I searched his file cabinet, then his desk, nothing useful.
There might have been refuge here with friends but something told me that I can not stay.
I made my way back down the hall and towards the side entrance, rushing.
As I stepped through the final set of doors into the small courtyard there was a brilliant white flash.
I fell half backwards.
I spun around quickly and managed to catch myself before hitting the ground.
Hunched over I scurried back inside the building where I then was able to straighten up only to see frantic people running up and down the hall.
A girl had come running towards me, perhaps around 14 years of age she was, grabbed my left arm and began to pull me somewhere.
We huddled in a corner. I tucked myself around her trying to protect her.
The white light penetrated everything.
It made me go blind and for an instant I felt as if I had phase shifted.
When I came to again I noticed that the girl was gone and I was holding empty space.
Slowly standing up and turning I took extreme notice to my feelings.
The Church was dead quiet, It was now empty, no human life remained.
Slinging the backpack over my left shoulder and going into a sprint I exited the building, back into the blinding red landscape.
-----
"He's stabilizing."
-----
There was darkness all around, black as sackcloth.
There was a voice, an inner voice.
--
Survival.
Survival is what life was all about.
Why was survival so important when life around was so hard?
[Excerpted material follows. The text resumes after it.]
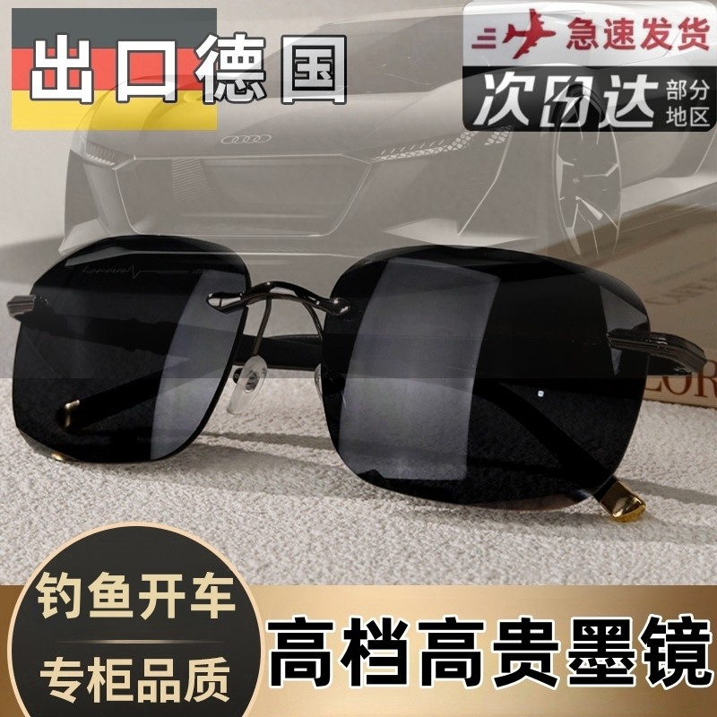 男士遮阳太阳镜防紫外线墨镜高清开车钓鱼镜复古眼镜无框大框防晒

What did survival mean to those that looked around only to see death and destruction among them?
Why did they want to survive in such a hard environment, among cannibals, or on a plain that could no longer support life?
Was it hope, that someday, somehow, things might change for the better?
Hopes and dreams can only last so long before they begin to fade away, like looks with old age.
My survival was not just to live, but a second chance, a second chance to help those who have hope, to help those that want change.
My purpose was to give others hope, to give them dreams, to make them strong, to make them want to change their lives and every life they touch.
Survival is not about what we can take but what we can give.
-----
"How are you feeling?"
"You overdosed and we almost lost you a couple of times."
-----
I had survived.. In some form.. One way or another.. I survived.
I was as alive as alive could be, maybe even more so.
My journey only beginning after the end of another.